The Free Press, Mankato, MN

State, national news

July 8, 2013

To revive or raze: Sandstone grapples with empty icon


"This building was built to last hundreds of years," said Chatfield city clerk Joel Young, standing in the doorway of a classroom that's been refurbished to serve as a reception area for the auditorium. "It wouldn't be right to abandon it after just 75 years. The New Deal set us up, as long as we step up when it's time."

When Chatfield passed a referendum in 2007 to build a new school, the school board intended to tear the old one down unless the city wanted it. "It occurred to us that the buildings are probably the most prominent buildings in town," said Young. "They are tied to the hearts of many, many people." He said the community theater has performed in the auditorium every summer for decades. "You think about those things.

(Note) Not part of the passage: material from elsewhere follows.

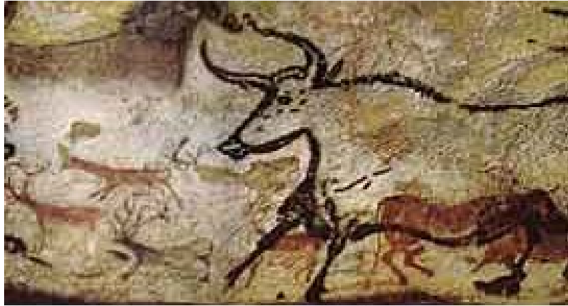
Lascaux cave art, France. The large bovine figure is probably of the Holocene, the earlier motifs may well be of the Pleistocene.

رسومات صخرية من كهف الالاسكو فرنسا. البلايستوسين الى الهولوسين

And you think about community viability. What can you do to keep your residents and attract other residents? Not everybody plays softball. Some people like to take the stage and act or speak. And others like to be entertained."

"It occurred to us that maybe Chatfield is a more livable community if this place is repurposed into an art center," he said.

The city was crafty and asked the school board to turn over not just the school, but also the money earmarked for tearing it down, $275,000. That would be enough to keep the building heated and insured, at least for a while. "We knew it would get us through a couple of years," said Young. "We were taking on a huge operating liability. It was courageous of the city council and the mayor."

What the old school really had going for it, however, were the people of Chatfield, who have a taste for the arts. "It's the natural heritage of the community," said Young. "We've had bands active in Chatfield since the 1800s. The city pays a stipend out of the general fund for the Chatfield Brass Band every year. The heritage of this community says we are into that sort of thing."